MEOW - Multi-Objective Evolutionary Weapon DetectionDownload PDF

Published: 16 May 2023, Last Modified: 05 Sept 2023AutoML 2023 MainTrackReaders: Everyone
Keywords: Computer vision, Automl. X-ray, Security application, Neuroevolution, Neural Architecture Search, NAS
TL;DR: We use Neuroevolution with performance proxy scores to speed up Neural Architecture Search and apply it to discover state-of-the-art architecture for concealed weapon detection.

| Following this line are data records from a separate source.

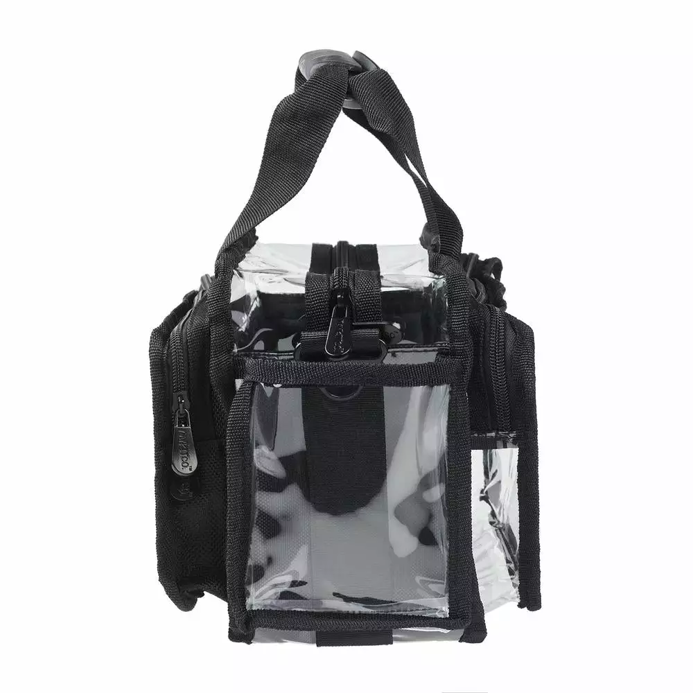 Perfect for working on set or on location this bag is spacious enough to take your makeup essentials with you but small enough to be discreet and convenient. No more crushed tissues! A separate canvas pouch fits a full standard box that easily dispenses tissues. Two clear side pockets and a central divide through the main compartment allows you to stand and separate your products as you see fit. A generous back pocket was designed to perfectly fit your makeup palettes. This bag is made with thicker premium PVC for increased strength and durability when the demand is high and includes a strong comfort grip handle and a removable, extendable shoulder strap with comfort pad to make it easy to transport.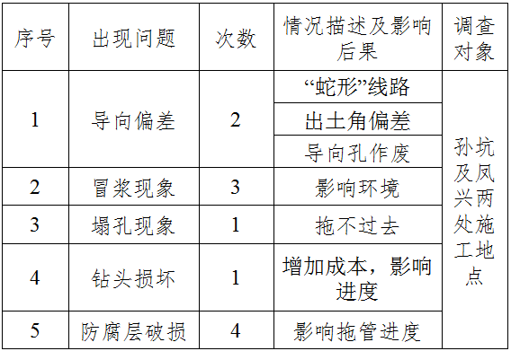 通过这次活动,使在海峰村、下径村段的定向钻施工中拖管一次通过率达到100%,出土点偏差不大规定20mm, 导向孔曲线偏差均在允许范围内,没有因为导向错误造成废孔,防腐层没有破损,由于及时更换钻头,没有出现钻头损坏现象,达到了预期效果,由于泥浆配比及泥浆泵操作规范化,没有了冒浆、塌孔现象,使周围的施工环境有了极大的改善。列表如下: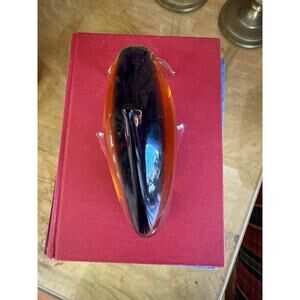 This striking hand-blown glass dolphin adds a splash of coastal charm to any space. Crafted in the Murano style, it features dynamic lines and a stunning blend of amber, cobalt blue, and clear glass. Whether displayed on a bookshelf, used as a paperweight, or gifted to a sea life enthusiast, this elegant dolphin brings color and movement into your decor. Its graceful arched form captures the essence of ocean life, making it a perfect accent for beach-inspired homes or curated glass collections.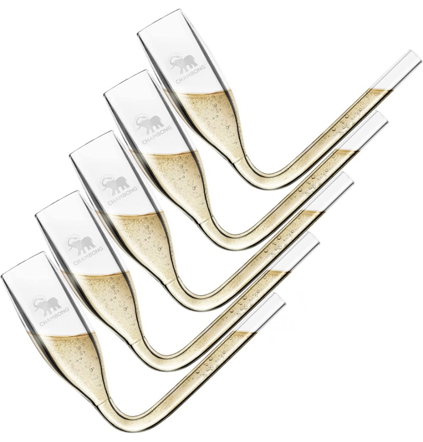 10. CHAMBONG Plastic Champagne Flutes – Champagne Shooter & Mimosa Glasses – Reusable Unbreakable Acrylic (6 oz. 5-Pc Set).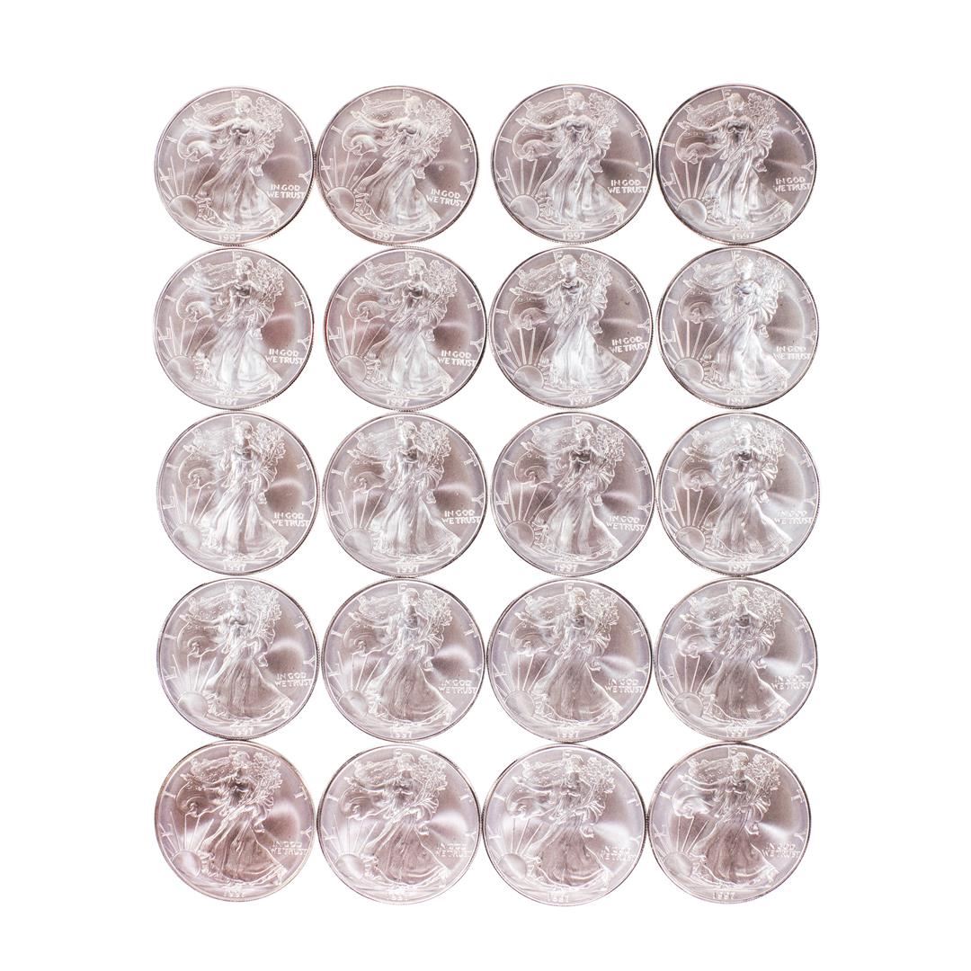 Roll of (20) Brilliant Uncirculated 1997 $1 American Silver Eagle Coins

Abstract: X-ray screening is crucial for ensuring safety and security in crowded public areas. However, X-ray operators are often overwhelmed by the sheer amount of potential threats to assess; thus, current computer vision-aided systems are designed to alleviate these workloads. In this study, we focus on a key, unresolved challenge for developing such automatic X-ray screening systems: the direct application of existing avant garde computer vision approaches does not necessarily yield satisfactory results in the X-ray medium, hindering the effectiveness of current screening systems. To overcome this drawback, we propose a novel automated machine learning (AutoML) multi-objective approach for neural architecture search (NAS) for concealed weapon detection (MEOW). We benchmark MEOW with the state-of-the-art in two comprehensive scenarios in threat identification: SIXray (a popular, massive X-ray dataset) and Residuals (a proprietary, unpublished dataset provided by our industry partners). MEOW consist of the coalescence of two new components: First, we design a heuristic technique to strongly reduce the high computational cost of neuroevolutionary search while preserving a high performance such that it can be effectively used in real-time industrial settings. Second, we devise a novel ensemble approach for combining multiple discovered architectures simultaneously. Leveraging these two characteristics, MEOW outperforms the state-of-the-art while keeping the NAS overhead to a minimum. More broadly, our results suggest that AutoML has a strong potential for security applications.
Submission Checklist: Yes
Broader Impact Statement: Yes
Paper Availability And License: Yes
Code Of Conduct: Yes
Reviewers: Yes
CPU Hours: 1
GPU Hours: 1
TPU Hours: 0
Evaluation Metrics: Yes
Code And Dataset Supplement: zip
Steps For Environmental Footprint Reduction During Development: Energy-efficient hardware: We utilise energy-efficient computing hardware for model training and deployment, including energy-saving processors and GPUs designed to minimize power consumption. Cloud-based services: We leverage cloud-based infrastructure and services for storage, computation, and deployment, which can provide optimized resource management and reduce the overall energy consumption. Efficient algorithms: Our main focus is that MEOW is computationally efficient which makes it energy-efficient. Towards this goal, we used heuristic technique and ensemble approach in MEOW to minimize computational overhead, consequently reducing the energy consumption during model training and deployment. Dataset optimization: Preprocess and optimize the SIXray and Residuals datasets to reduce storage requirements and computational demands during model training, allowing for more efficient use of resources. Remote collaboration: Encourage remote collaboration among the research team and industry partners to minimize travel and the associated carbon emissions.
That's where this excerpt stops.